O vínculo formado naquela roda de batismo era muito forte na fé. O ato do batismo, os santos óleos recebidos, o sinal da cruz assinalado na testa e no peito dos batizandos, a água benta derramada à luz da vela (vida) nas cabeças das crianças era tudo de uma simbologia emocionante e indescritível. Dali sairiam os novos cristãos. Mas, sobretudo, ali eram consolidados indestrutíveis os laços de compadrios e apadrinhamento, que eram fortes e muito respeitados, pois com eles expandia-se o conceito de família e compadres e afilhados passariam a pertencer a uma só família, independentemente da origem biológica.

De todos os celebrantes da Festa de São Sebastião que assisti, o Padre Heitor Piedade foi inegavelmente o melhor. Padre bonito, carismático, bonita voz e grande orador. Sua homilia todos os fiéis ouviam em absoluto silêncio e com muita atenção, pois era vibrante e emocionante.

Padre Heitor, tempos depois, deixou a batina. Casou-se, formou-se em Direito e é um renomado advogado, professor universitário, palestrante com vários livros publicados. Ainda vivo, reside no Rio de Janeiro.

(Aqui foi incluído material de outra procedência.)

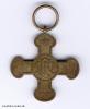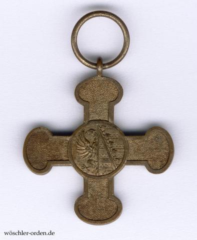 Bronze geprägt und versilbert, an einfacher, angelöteter Ringöse mit einem geschlossenen Bandring. Exemplar mit unaufgelöster und bislang unbekannter oder nicht beschriebener Punzierung „B“ in der Ringöse. Gefertigt und geliefert wurden diese Kreuze durch die Hofjuweliersfirma Otto Heinzelmanns Witwe, Dessau.
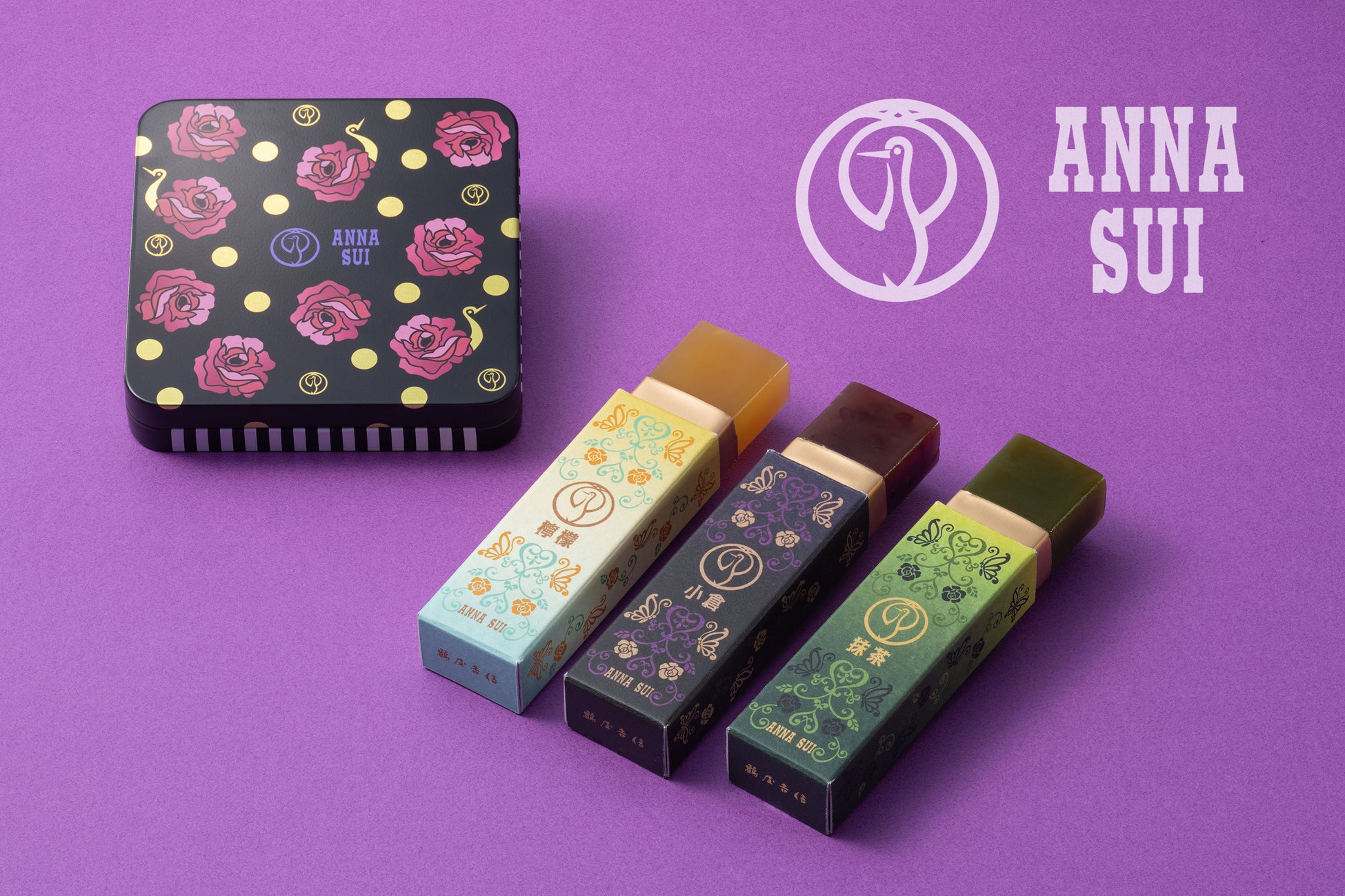 「ANNA SUI」×「鶴屋吉信」コラボレーション羊羹が10月17日(火)より数量限定販売。オリジナルデザイン缶にコラボ限定風味をこめて。

Na parte vespertina, aproximadamente às 16 horas, formavam-se os fiéis em caudalosa procissão a se arrastar pelas ruas da cidade. O andor com o Santo, no final das filas, todo ornamentado com flores, cuidadosamente colhidas e arrumadas pelas irmãs da Congregação do Sagrado Coração de Jesus, que no trajeto teriam seu honroso espaço ao lado do andor, enfileiradas ladeando o Santo, com suas vistosas “Insígnias”, cordão de larga fita vermelha com o símbolo do Sagrado Coração de Jesus. Praticamente todas as senhoras católicas da comunidade pertenciam a essa congregação. Homenageio-as agora citando os nomes das feições que guardo na memória: Vó Esculástica, Dona Dica, Maria Carneiro, Dona Furtado. Ao lado da minha mãe, que também ostentava sua insígnia, eu acompanhava todo o trajeto da procissão. Atrás do andor vinha a orquestra tocando os hinos, marcando o compasso pelo grande “tuba” que me prendia à atenção, por ser um instrumento que fugia à anatomia dos demais.

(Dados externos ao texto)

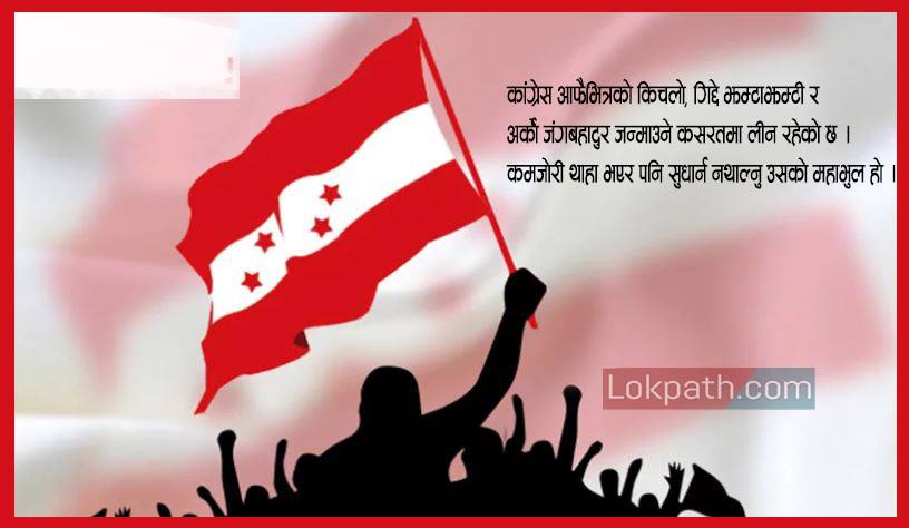लोकतन्त्र नै प्रतिरक्षात्मक अवस्थामा पुगेको र प्रतिक्रान्तिका संवाहकहरूको मनोबल दिनानुदिन घनीभूत हुँदैगएको परिप्रेक्षमा नेपाली काँग्रेसजस्तो लोकतन्त्रका लागि लडेको, भिडेको र मरिमेटेको पार्टीले आफ्नो अगुवा भूमिका देखाउनु पर्ने हो, तर काँग्रेस यतिबेला सत्ताका गल्ती र समाजबाट उठ्ने निर्मला पन्त बलात्कार÷हत्या प्रकरण वा रवि लामिछाने पक्राउ वा ज्ञानेन्द्र शाहीको भाषणबाट उठेका तरङ्ग र पशुपति शर्माले गाईदिएको गीतले सत्ताको शेखी झारिदिएकोले ताली पिटेर सघाउने काम मात्र भएको छ । यस्तो अवस्थामा पनि काँग्रेस आफैँभित्रको किचलो, गिद्दे झम्टाझम्टी र अर्को जंगबहादुर जन्माउने कसरतमा लीन रहेको छ ।

O andor já tinha os seus tradicionais carregadores. Esse era um status reservado a alguns fiéis mais devotos. Os jovens rapazes, talvez habilitando-se para um possível ingresso nessa casta, disputavam uma oportunidade para conduzir o andor.

O trajeto da procissão saía da Igreja, pela direita seguia na Av. Major Heráclito até o canto da Prefeitura, descia a Coronel Antônio Augusto, dobrava à esquerda na Afonso Matos, indo até o Posto e seguindo pela Rua João Amaral da Silva até a Praça, dobrava o canto de Benedito Veloso, e daí, pela Av. José Sarney regressava para a Igreja.

Ao adentrar no Largo da Igreja, para mim a parte mais emocionante de toda a festa, os sinos começavam a repicar, os foguetes estourando. Então, puxados pela voz bonita e potente do Padre Heitor, os fiéis entoavam o hino “EU CONFIO EM NOSSO SENHOR…”. Vinham as palmas e os vivas a São Sebastião e encerrava-se a procissão.

À noite o movimento esvanecia-se. Apenas havia algumas atividades religiosa na igreja, uma ladainha, cânticos, e o encerramento das cerimônias religiosas conduzido pelos organizadores.

A festa encerrava-se mesmo com as realizações dos bailes, geralmente três, animados por orquestras, que aconteciam em casas residenciais ou prédios públicos. O acesso a esses bailes dava-se conforme a cor da pele, hierarquizados verticalmente, na ordem descendente da cor da pele mais clara para a cor mais escura.

Essa era a grandiosa festa matinhense, que teve seus tempos áureos na década de 50/60. Com a chegada dos padres europeus, principalmente dos italianos, em missão na diocese de Viana nos meados dos anos sessenta, por ações desses padres que ocuparam várias paróquias na baixada maranhense, inclusive Matinha, a festa foi definhando até atingir o status festivo atual, em detrimento da nossa cultura.

Glorioso Mártir São Sebastião, protegei-nos!

(*) Aroucha Filho é natural de Matinha (MA), agrônomo, compositor e cronista.